Dataset extract:
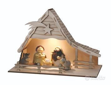 Il presepe è illuminato con l'unità solare “Everlight” inclusa che fornisce un'illuminazione d'atmosfera per il presepe e lo fa risplendere in una luce calda e natalizia! L'unità solare contiene il modulo solare, il LED bianco caldo e la scheda di ricarica completamente assemblata, compresa la batteria. L'unità solare “Everlight” è dotata di un sensore crepuscolare e si accende automaticamente al crepuscolo. Una volta assemblata, “Everlight” viene semplicemente appesa al presepe e illumina le figure della natività. L'unità solare può essere facilmente rimossa dal lettino e ricaricata in un luogo soleggiato. Grazie ai cavi preassemblati e alle parti in compensato tagliate al laser, l'unità solare è molto facile da montare. Dimensioni: 200 x 105 x 135 mm. Il prezzo è la metà del prezzo reale, causa cessata attività.
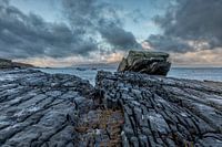 Donkere wolken afgewisseld met blauwe luchten bij het rotsen strand van Elgol Beach op het eiland Skye in Schotland. De dramatische wolkenluchten zijn vooral te zien in november.
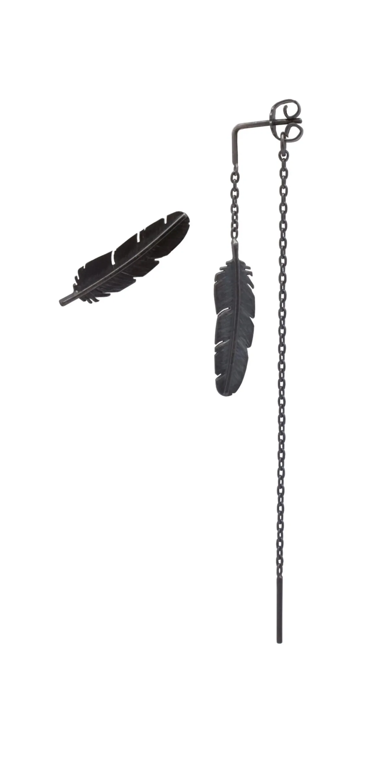 HEIRING ØRESTIK + ½ MED KÆDE FJER SØLV OXYDERET – 51-5-93OX

What the task requires: Your answer should copy the listing word for word, with no pictures in it.

Result of this exercise:
 Il presepe è illuminato con l'unità solare “Everlight” inclusa che fornisce un'illuminazione d'atmosfera per il presepe e lo fa risplendere in una luce calda e natalizia! L'unità solare contiene il modulo solare, il LED bianco caldo e la scheda di ricarica completamente assemblata, compresa la batteria. L'unità solare “Everlight” è dotata di un sensore crepuscolare e si accende automaticamente al crepuscolo. Una volta assemblata, “Everlight” viene semplicemente appesa al presepe e illumina le figure della natività. L'unità solare può essere facilmente rimossa dal lettino e ricaricata in un luogo soleggiato. Grazie ai cavi preassemblati e alle parti in compensato tagliate al laser, l'unità solare è molto facile da montare. Dimensioni: 200 x 105 x 135 mm. Il prezzo è la metà del prezzo reale, causa cessata attività.
 Donkere wolken afgewisseld met blauwe luchten bij het rotsen strand van Elgol Beach op het eiland Skye in Schotland. De dramatische wolkenluchten zijn vooral te zien in november.
 HEIRING ØRESTIK + ½ MED KÆDE FJER SØLV OXYDERET – 51-5-93OX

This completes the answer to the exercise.